We also admitted to the limitation of data in this study, which derived from the remote sensing data ranging from 2000 to 2017. However, the urbanization rate in Shanghai has reached 89% since 2010, the highly matured urbanization level resulted in relatively slow land change. So the future study should use the remote sensing in latest year to identify more specific habitat conservation zones for ecological protection and sustainable governance. Furthermore, It must be addressed that the InVEST model still has some limitations in habitat quality assessment11,49. Firstly, the model indicators in this study were set with references to the model guidance manual and similar literature, which gives a subjective tendency in the study. Further empirical research on more precise indicators is needed to improve the accuracy of habitat quality assessment. Secondly, the spatial resolution of imagery affects the accuracy of land cover classification and vegetation coverage. This study selected 30 m × 30 m resolution data to derive habitat quality, so the scale-effect of remote sensing imagery in spatial dimension should be attached more importance in future research. Thirdly, various elements aggregation in urbanization often results in regional variations in habitat quality, especially clusters of socio-economic factors that have a significant impact on the spatial heterogeneity of habitat quality18. This study mainly adapted land cover to reflect human activity, so the future study should consider inputting more representative socio-economic factors for complex systematic simulation in further model improvements and optimization.

Conclusion

The results showed that the habitat quality in Shanghai was at moderate level, and the HQI presented the lowest or highest levels in most regions, but the areas of medium habitat quality were relative inadequacy.

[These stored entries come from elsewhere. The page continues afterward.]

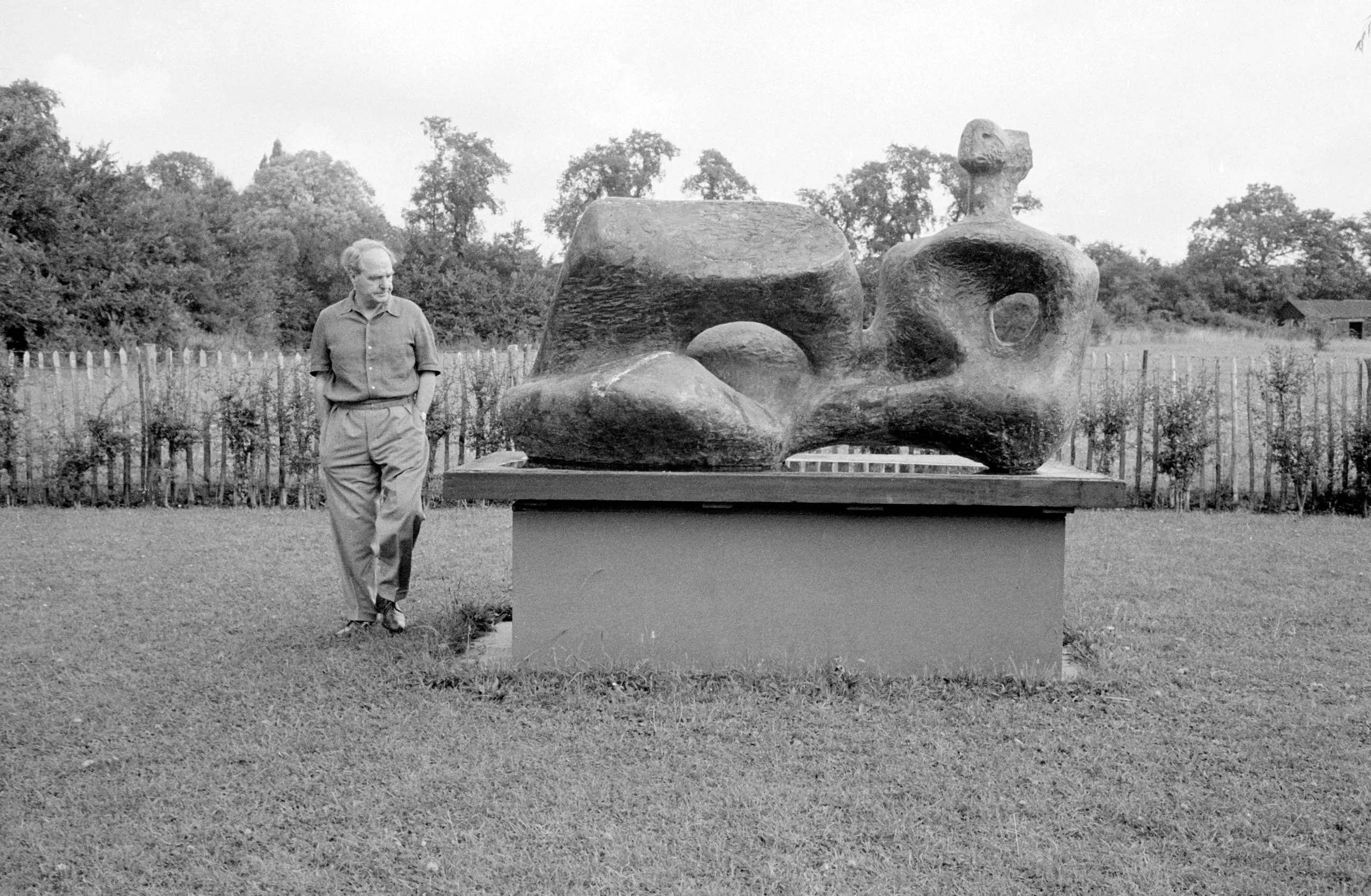 Black and white photograph of a man standing beside a large abstract sculpture of organic rounded forms with circular voids, mounted on a low pedestal outdoors on a grass lawn
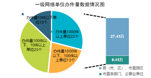 2023年68个一级网络单位共办理33.88万件,其中县(市、区)、市直园区办理27.43万件,市直部门及有关企事业单位办理6.45万件。按期办结率99.78%、办结回复率96.92%,总体情况较好;群众满意率95.05%,略有下降,主要原因在于回访扩面,部分行业(领域)问题解决难度加大。热线办理质效保持较高水平,但个别地方、单位相关领域各项指标偏低,反映出解决问题的力度不够、举措不多、方法不当,对热线工作的重视程度和保障水平还有差距。
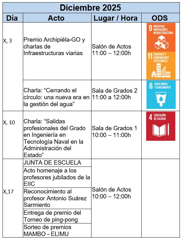 Además, la información detallada de cada actividad se publicará con antelación en la página web oficial de la Escuela: https://eiic.ulpgc.es Y también a través de nuestras redes sociales: Facebook (eiic.ulpgc.es) e Instagram (@eiic.ulpgc).
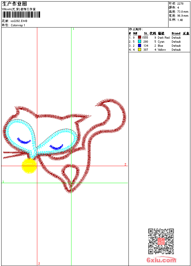 - 版带文件需绣花软件方可打开,可配色打印导出各种格式或直接上机绣。如无绣花软件可下载1:1模拟效果图。
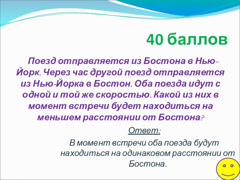 В момент встречи оба поезда будут находиться на одинаковом расстоянии от Бостона.
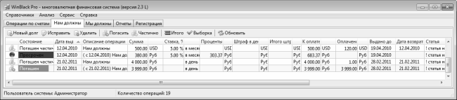 Чтобы просмотреть итоговую информацию о состоянии дебиторской задолженности в соответствии со списком долгов (см. рис. 1.13), нужно нажать кнопку Итого.
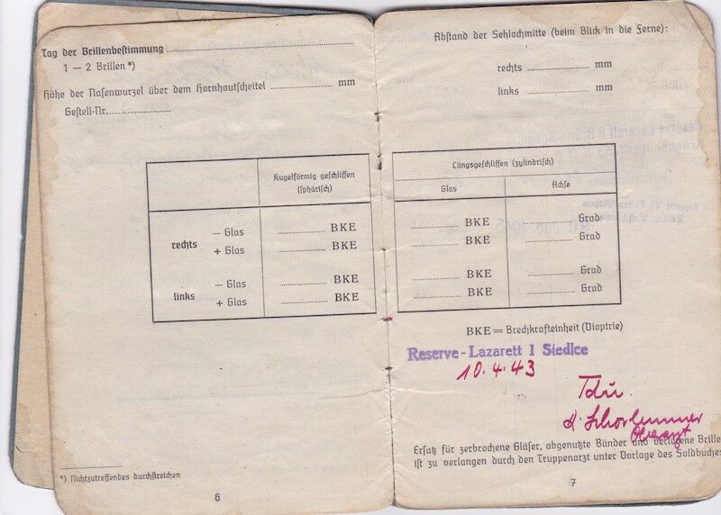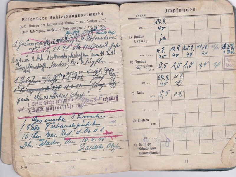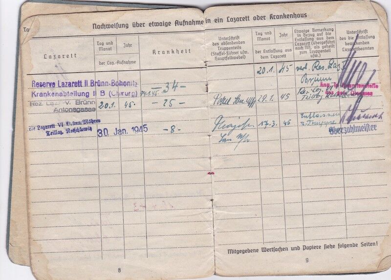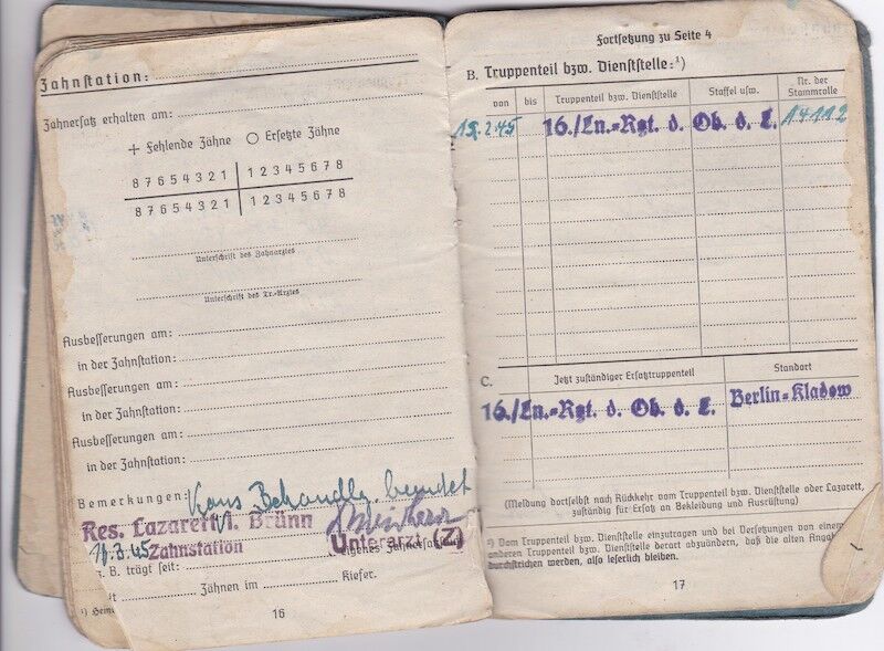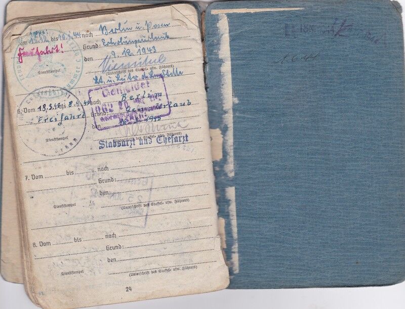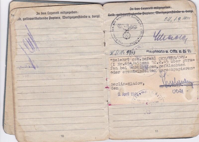 Entry Berlin April 1945 – Was warned about the forgering of paperwork in Berlin Kladow 9.April 1945! Also an entry on 10.4.1945 in Berlin Kladow was issued a first aid kit.
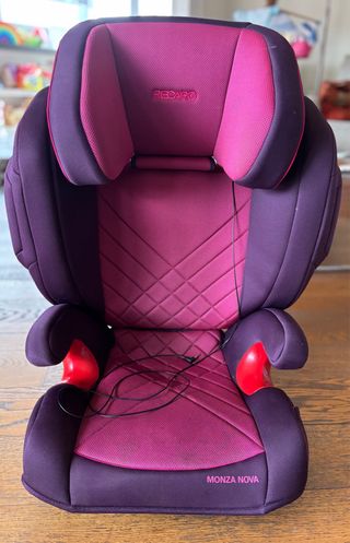 ¡OPORTUNIDAD! Silla de coche para niños del grupo 2 y grupo 3, adecuada para un peso de entre 15 y 36 kg. Para niños de 3 a 12 años, instalación universal con o sin conectores ISOFIX, sistema de sonido integrado. - Diseño en color púrpura y rosa. -Incluye protector asiento con 3 departamentos. - Marca: Recaro Monza Nova 2 (precio original: 255€)
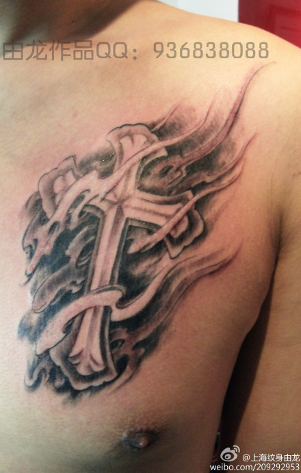 胸部十字纹身图案
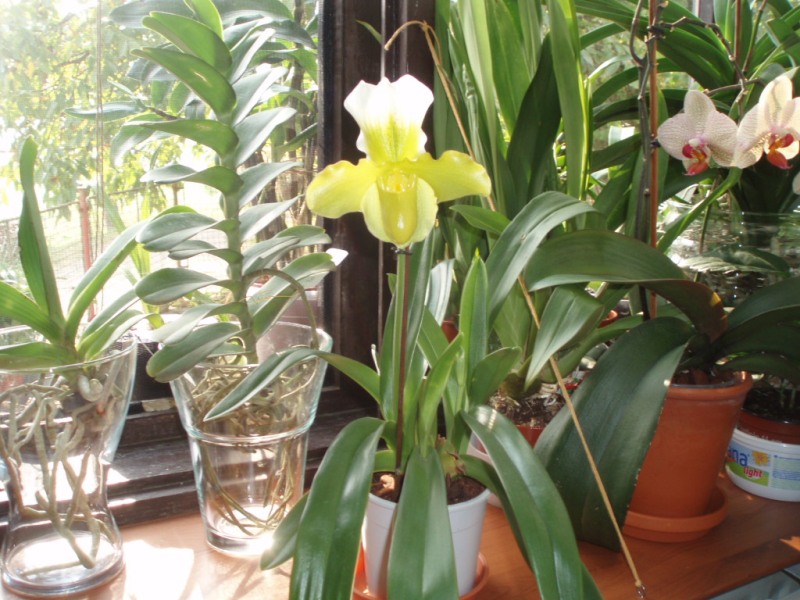 dnes mi rozkvetlo paphiopedilum a roste dalsi kvet z druhe rostliny. bohuzel ale nevim jmeno.
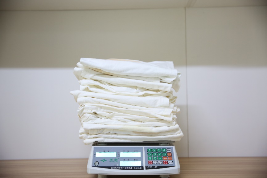洗衣機(jī)額定負(fù)載量為10kg,按照平日半筒左右就洗衣服的使用習(xí)慣,稱取2.5kg為試驗(yàn)負(fù)載量,實(shí)際負(fù)載量為2.43kg。
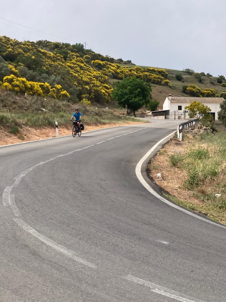 We had a short break and snack and we’re about to enjoy the 10 Km downhill coast towards Antequera. Even a bee thought it would take a ride with me on the front pannier to pick up a little distance the “beesy” way today.

Chongming district had the highest HQI and HPI in Shanghai. From the perspective of long-term scales, the habitat quality in Shanghai showed an obvious decline tendency. The area of medium level of habitat quality decreased significantly, whereas the area proportion of the lowest and highest levels of habitat quality increased significantly. Results revealed both anthropogenic disturbance and ecological conservation effects continued to amplify. In order to efficiently preserve habitat resources in Shanghai, nearly 30% of the total area needs strict ecological protection, which were mainly distributed in the eastern and southern coastal wetlands, Dianshan Lake, the upper stream of the Huangpu River and Chongming District, and about l7% of the total area, mainly distributed in the inner coastal area, should be implemented ecological restoration and sustainable governance.